Task details:
Only the lines from the one containing "OGÓLNE WARUNKI DOSTAW" through the one containing "Long sleeved KEEPSAKE" should be printed, exactly as they appear below, with both ends included.

Record set:
________________________

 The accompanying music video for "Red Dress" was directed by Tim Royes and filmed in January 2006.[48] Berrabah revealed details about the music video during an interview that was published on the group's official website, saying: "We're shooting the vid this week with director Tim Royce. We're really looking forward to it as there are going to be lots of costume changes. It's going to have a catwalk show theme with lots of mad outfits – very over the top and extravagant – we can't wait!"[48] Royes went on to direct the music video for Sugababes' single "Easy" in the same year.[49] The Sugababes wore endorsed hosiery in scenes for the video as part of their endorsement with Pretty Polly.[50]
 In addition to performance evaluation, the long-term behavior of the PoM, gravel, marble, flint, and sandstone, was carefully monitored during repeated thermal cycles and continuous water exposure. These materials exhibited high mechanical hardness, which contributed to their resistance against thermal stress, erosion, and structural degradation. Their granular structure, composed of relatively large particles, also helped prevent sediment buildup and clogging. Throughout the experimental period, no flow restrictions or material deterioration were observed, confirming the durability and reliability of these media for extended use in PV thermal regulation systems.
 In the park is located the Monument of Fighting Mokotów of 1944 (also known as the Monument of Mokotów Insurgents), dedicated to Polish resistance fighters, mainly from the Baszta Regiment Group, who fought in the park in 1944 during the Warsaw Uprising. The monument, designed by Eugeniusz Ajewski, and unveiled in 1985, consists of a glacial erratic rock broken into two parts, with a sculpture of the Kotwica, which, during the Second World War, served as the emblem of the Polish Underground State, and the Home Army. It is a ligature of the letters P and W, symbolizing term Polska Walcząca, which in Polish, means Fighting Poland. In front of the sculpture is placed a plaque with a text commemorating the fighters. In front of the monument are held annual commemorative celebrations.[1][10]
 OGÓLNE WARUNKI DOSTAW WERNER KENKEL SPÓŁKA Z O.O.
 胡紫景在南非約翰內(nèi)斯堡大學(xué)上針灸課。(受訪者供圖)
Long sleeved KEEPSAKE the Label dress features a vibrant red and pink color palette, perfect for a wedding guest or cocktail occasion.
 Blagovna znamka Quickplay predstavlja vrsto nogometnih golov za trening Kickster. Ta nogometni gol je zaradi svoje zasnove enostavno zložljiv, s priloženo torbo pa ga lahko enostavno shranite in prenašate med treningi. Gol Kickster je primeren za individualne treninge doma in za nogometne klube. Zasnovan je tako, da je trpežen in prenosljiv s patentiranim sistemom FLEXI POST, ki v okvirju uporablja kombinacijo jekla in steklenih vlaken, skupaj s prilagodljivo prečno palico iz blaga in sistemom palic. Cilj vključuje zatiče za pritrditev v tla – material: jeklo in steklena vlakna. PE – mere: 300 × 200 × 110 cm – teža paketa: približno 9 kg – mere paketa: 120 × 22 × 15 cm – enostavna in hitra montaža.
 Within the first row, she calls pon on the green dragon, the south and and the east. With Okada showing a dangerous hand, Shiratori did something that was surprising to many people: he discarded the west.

________________________

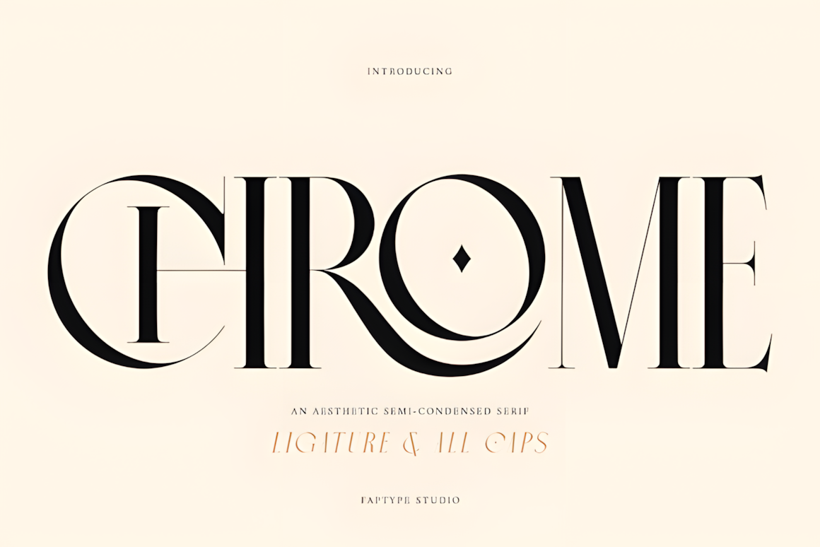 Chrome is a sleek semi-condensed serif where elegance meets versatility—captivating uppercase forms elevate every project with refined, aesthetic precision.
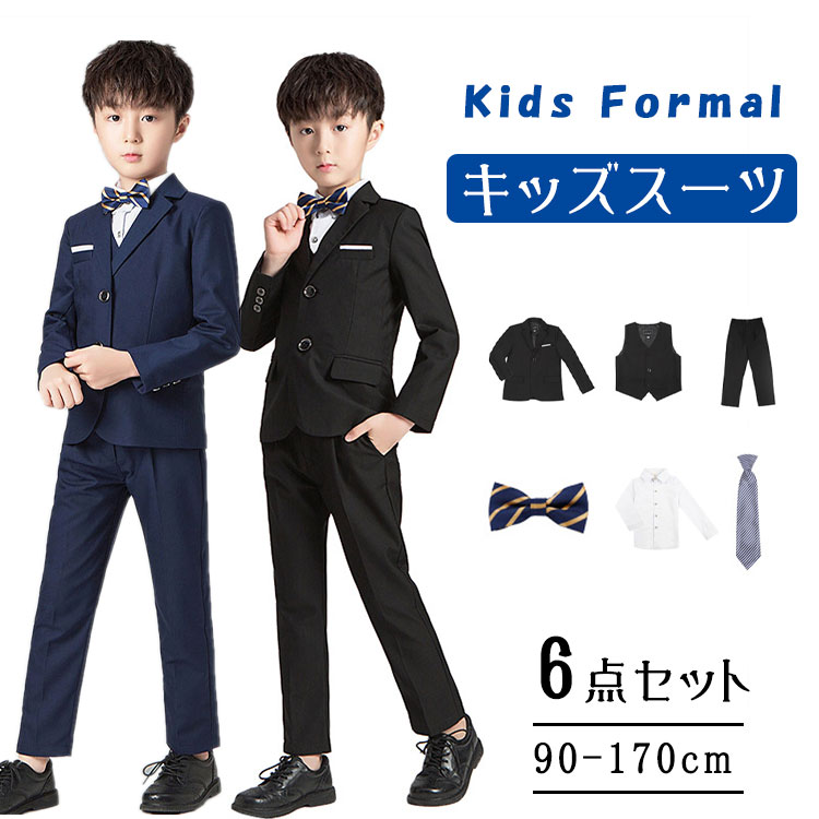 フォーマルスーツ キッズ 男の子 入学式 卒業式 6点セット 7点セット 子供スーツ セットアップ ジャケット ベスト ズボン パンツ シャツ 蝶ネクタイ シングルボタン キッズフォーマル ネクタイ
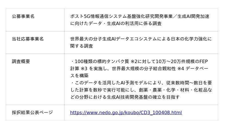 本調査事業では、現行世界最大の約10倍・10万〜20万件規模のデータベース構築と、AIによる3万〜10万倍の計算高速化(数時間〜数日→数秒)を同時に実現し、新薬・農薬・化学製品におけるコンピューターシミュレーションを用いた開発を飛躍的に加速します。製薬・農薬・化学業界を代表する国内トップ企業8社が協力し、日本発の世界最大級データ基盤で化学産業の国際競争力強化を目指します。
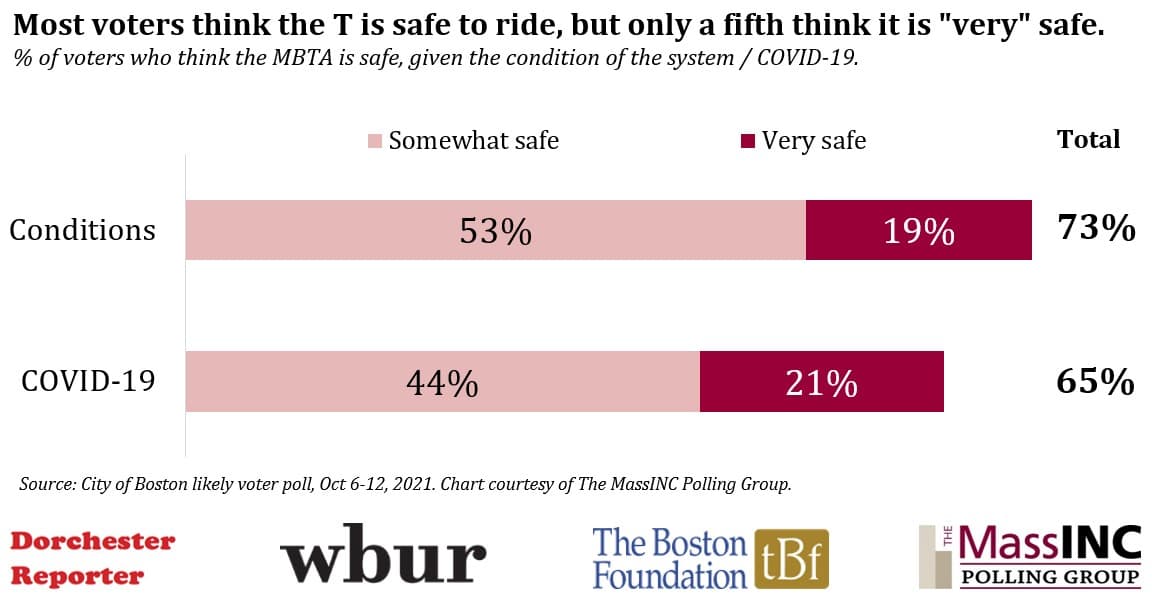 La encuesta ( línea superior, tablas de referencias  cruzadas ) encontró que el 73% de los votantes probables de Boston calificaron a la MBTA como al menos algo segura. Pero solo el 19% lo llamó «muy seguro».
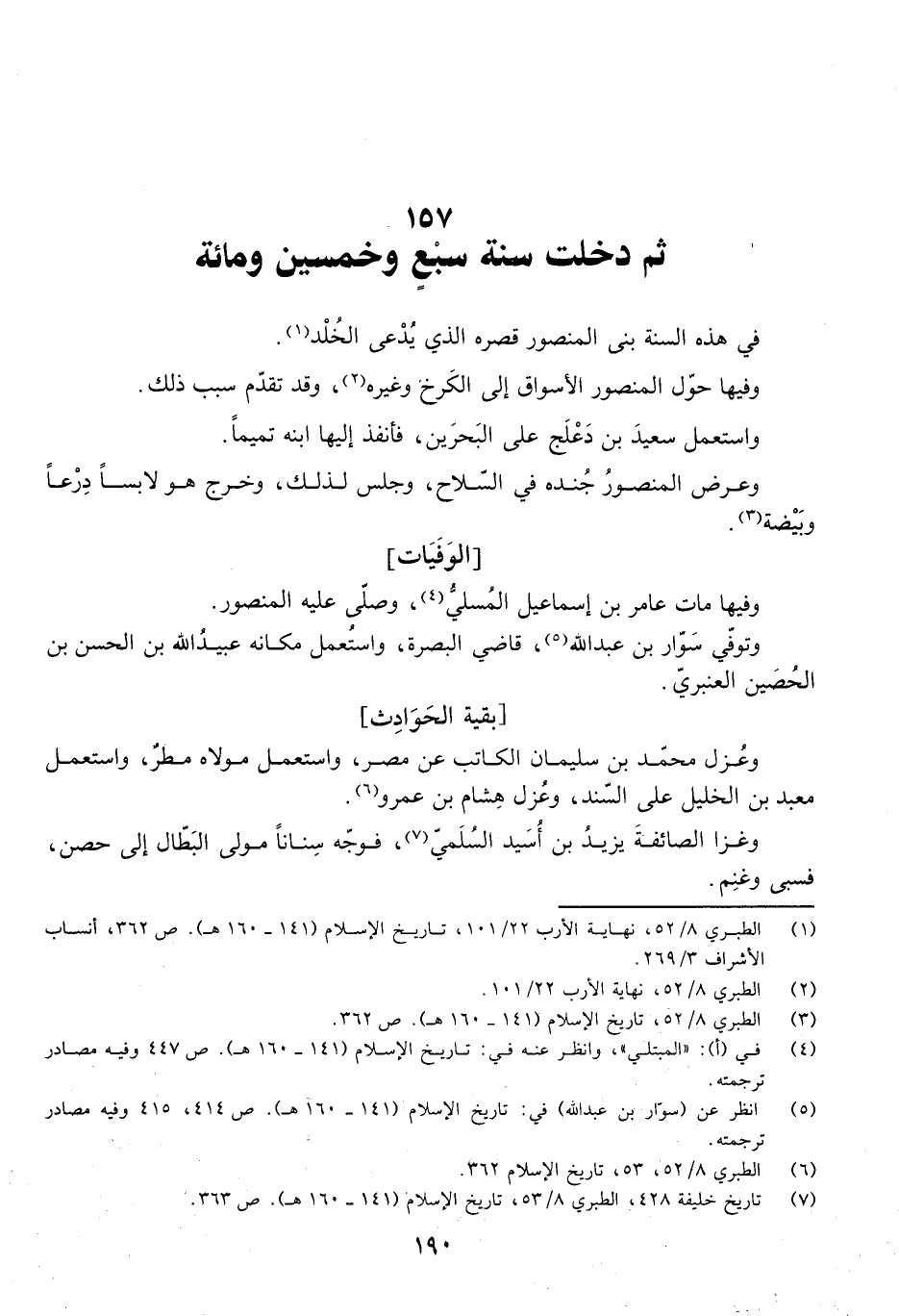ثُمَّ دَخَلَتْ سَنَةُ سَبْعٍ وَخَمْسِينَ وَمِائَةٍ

________________________

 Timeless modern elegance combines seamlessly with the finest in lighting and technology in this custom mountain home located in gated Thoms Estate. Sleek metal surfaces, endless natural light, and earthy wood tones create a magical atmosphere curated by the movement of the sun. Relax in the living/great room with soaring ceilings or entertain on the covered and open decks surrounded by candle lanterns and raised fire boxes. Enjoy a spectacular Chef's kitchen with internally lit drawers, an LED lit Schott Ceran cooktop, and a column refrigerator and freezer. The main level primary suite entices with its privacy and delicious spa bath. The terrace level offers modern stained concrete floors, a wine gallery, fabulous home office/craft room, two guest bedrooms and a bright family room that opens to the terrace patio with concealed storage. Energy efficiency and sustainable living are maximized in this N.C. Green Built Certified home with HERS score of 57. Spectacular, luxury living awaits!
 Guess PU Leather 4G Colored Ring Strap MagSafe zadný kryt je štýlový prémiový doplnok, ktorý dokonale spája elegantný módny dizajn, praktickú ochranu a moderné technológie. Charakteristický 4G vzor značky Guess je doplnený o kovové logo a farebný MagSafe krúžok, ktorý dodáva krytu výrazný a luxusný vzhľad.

________________________

Result below:
 OGÓLNE WARUNKI DOSTAW WERNER KENKEL SPÓŁKA Z O.O.
 胡紫景在南非約翰內(nèi)斯堡大學(xué)上針灸課。(受訪者供圖)
Long sleeved KEEPSAKE the Label dress features a vibrant red and pink color palette, perfect for a wedding guest or cocktail occasion.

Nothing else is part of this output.